* **EXERCISE DETAILS**
Extract the run of lines that starts at the top of the records below and ends at the line with "Savremena sofa u", keeping both ends and excluding pictures.

------ GIVEN INFORMATION ------

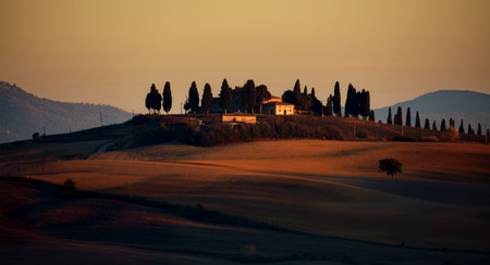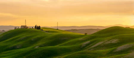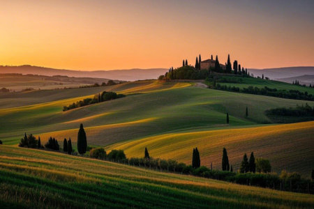 A green landscape with trees and a building in distance at scenic sunset in Tuscany, Italy
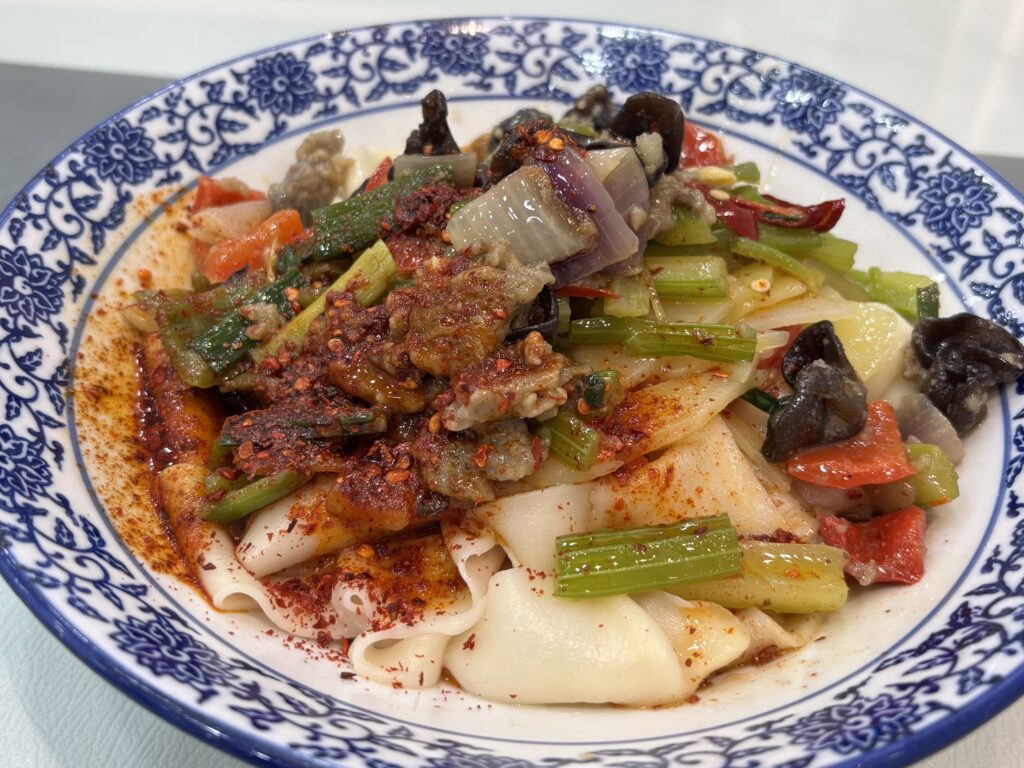 西安名物のビャンビャン麺!いやあ麺が太い。野菜も多く食べられてなかなか満足。
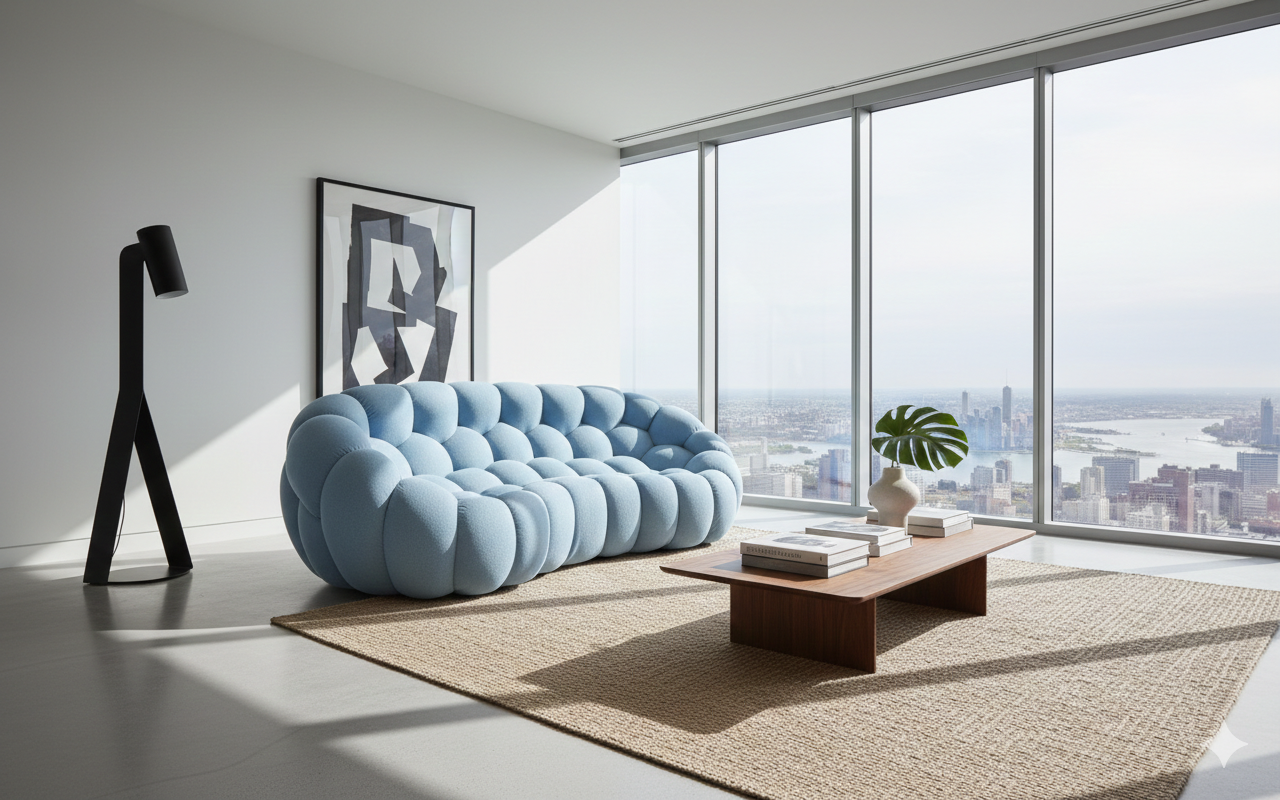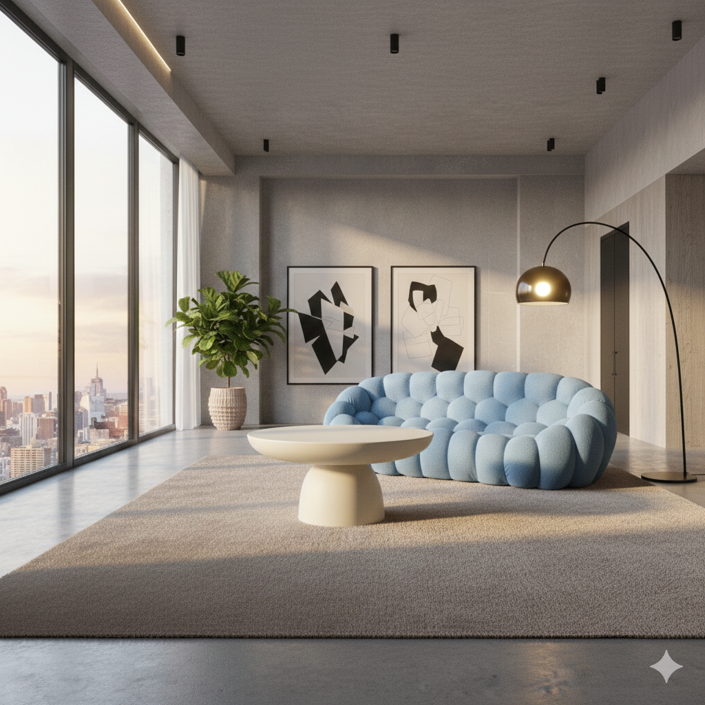 Savremena sofa u obliku oblaka predstavlja upečatljiv dodatak svakom modernom enterijeru. Njen jedinstveni dizajn, u kombinaciji sa konfiguracijom zakrivljenih linija, pruža udobno i vizuelno atraktivno mesto za sedenje. Izrađena je od visokokvalitetne tkanine koja garantuje dugotrajnost i svakodnevnu udobnost. Idealna je za kreiranje prijatnog kutka za čitanje ili elegantnog prostora za druženje, bilo u dnevnom boravku ili poslovnom okruženju.
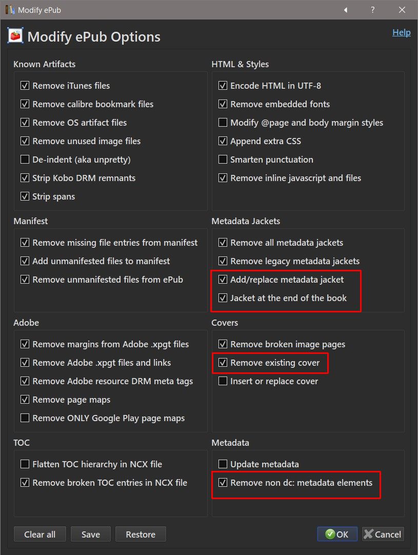 epub output: No default cover andepub output: No SVG cover docx input: Do not try to autodetect a cover from images in the document My guess based on no specific knowledge is that you want "No default cover" and "Do not try to autodetect ...". I further suspect that "No default cover" is the answer. In addition to setting the options in Preferences, be sure to check the options when you are doing the convert as these override the general options set in Preferences and are remembered the next time you convert the book. |
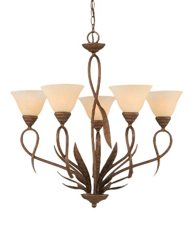 The Toltech Lighting 215-BRZ-503 Leaf Five-Light Up light Chandelier Bronze Finish with Amber Marble Glass Shade, 7-Inch is a ceiling light that features a 7-Inch amber marble glass shade. This chain hung fixture comes with10-Feet of chain and 11-Feet of wire. Product dimensions (in Inch): 28.25 H by 25.75 W. Fixture requires 5 60-Watt medium base incandescent bulbs, not included. Product safety tested and approved by the UL/CUL in the US and Canada. Assembly required.
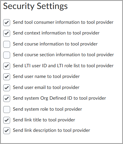 - Under Security Settings, leave the current boxes checked. Also check Send LTI user ID LTI role list to tool provider, Send username to tool provider, Send user email to tool provider, and Send system Org Defined ID to tool provider.

------

* **ANSWER BOX**
 A green landscape with trees and a building in distance at scenic sunset in Tuscany, Italy
 西安名物のビャンビャン麺!いやあ麺が太い。野菜も多く食べられてなかなか満足。
 Savremena sofa u obliku oblaka predstavlja upečatljiv dodatak svakom modernom enterijeru. Njen jedinstveni dizajn, u kombinaciji sa konfiguracijom zakrivljenih linija, pruža udobno i vizuelno atraktivno mesto za sedenje. Izrađena je od visokokvalitetne tkanine koja garantuje dugotrajnost i svakodnevnu udobnost. Idealna je za kreiranje prijatnog kutka za čitanje ili elegantnog prostora za druženje, bilo u dnevnom boravku ili poslovnom okruženju.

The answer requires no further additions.